With a definite thud the tilting leg of Guthrie's chair came whacking down on the piazza floor.

"Why, you inconsistent little gourmand!" he exclaimed. "Then why did you give 'one perfectly good dinner' a place on your list of necessities?"

"I don't know," whispered the young woman, a trifle tremulously. Then abruptly she burst out laughing, and the face that she turned to Guthrie again was all deliciously mussed up like a child's, with tears and smiles and breeze-blown wisps of hair.

"That dinner item was just another silly thing," she explained half bashfully, half defiantly. "It's only that although I practically never eat much of anything on ordinary occasions, whenever I get into any kind of danger, whenever the train runs off the track, or the steamer threatens to sink, or my car gets stuck in the subway, I'm seized with the most terrific gnawing hunger—as though—as though—" Furiously the red flushed into her face again. "Well—eternity sounds so l-long," she stammered, "and I have a perfect horror, somehow—of going to Heaven—on an empty stomach."

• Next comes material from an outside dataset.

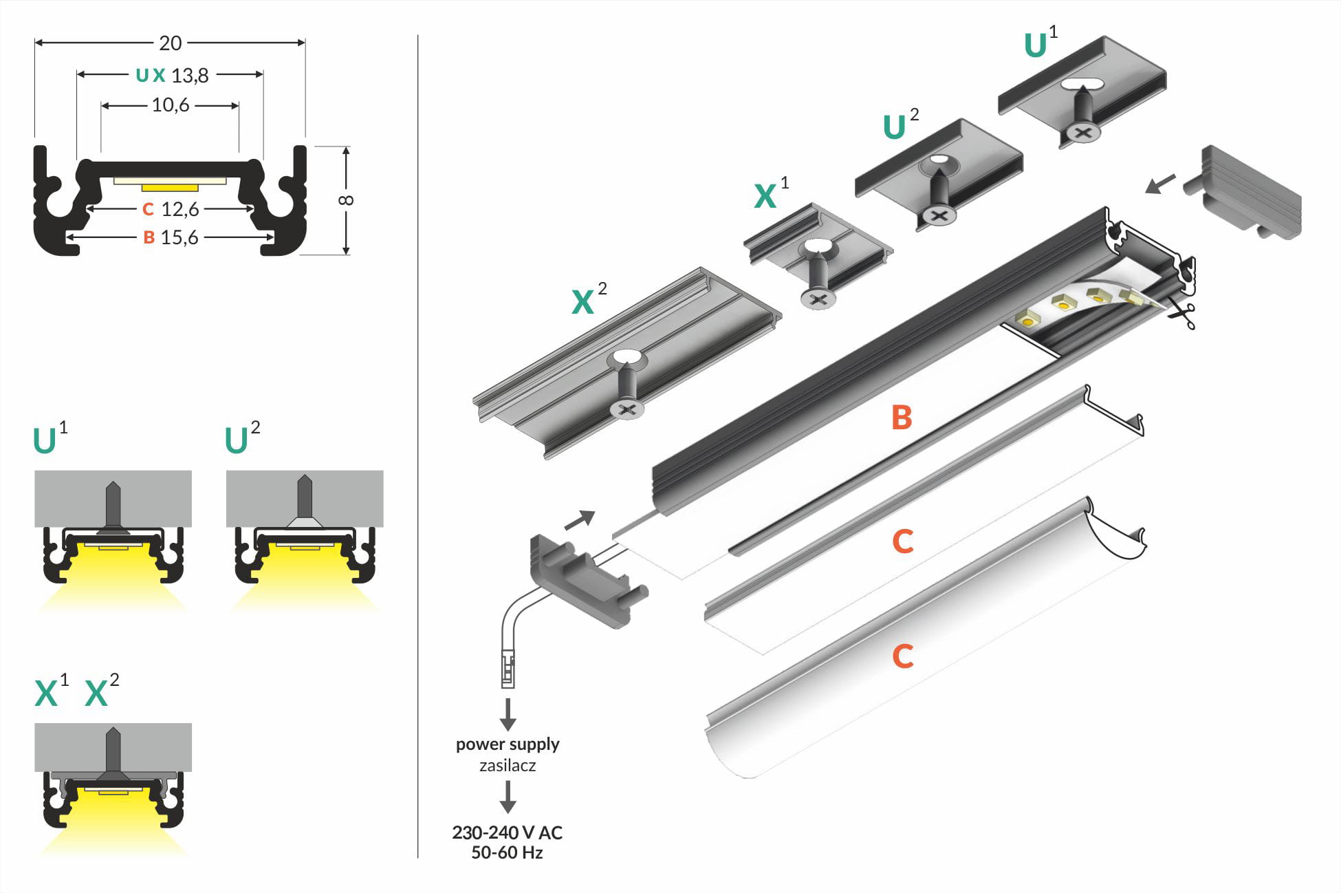 Montaggio: il profilo può essere montato nella parete, sul soffitto, sulle piastrelle o i mobili usando la colla da montaggio,la clip da montaggio SU, il nastro biadesivo oppure semplicemente infilandolo nella fessura. Per il profilo STANDARD STUS1 si può utilizzare la striscia di largezza 10mm (striscia LED con i diodi SMD 5050) oppure 8 mm (striscia LED con i diodi SMD 3528).

In mutual appreciation of a suddenly relaxed tension, the man's laughter and the woman's rang out together throughout the dooryard and startled a grazing pony into a whimpering whinny of sympathy.

"I knew you'd think my list was funny," protested the young woman. "I knew perfectly well that every single individual item on it would astonish you."

Meditatively Donas Guthrie refilled his pipe and evidently illuminated both the tobacco and the situation with the same match.

"It isn't the things that are on your list that astonish me," he remarked puffingly. "It's the things that aren't on it that have given me the bit of a jolt."

"Such as what?" frowned the young woman, sliding jerkily out to the edge of her chair.

"Why, I'd always supposed that women were inherently domestic," growled Guthrie. "I'd always somehow supposed that Love and Home would figure pretty largely on any woman's 'List of Necessities.' But you! For Heaven's sake, haven't you ever even thought of man in any specific relation to your own life?"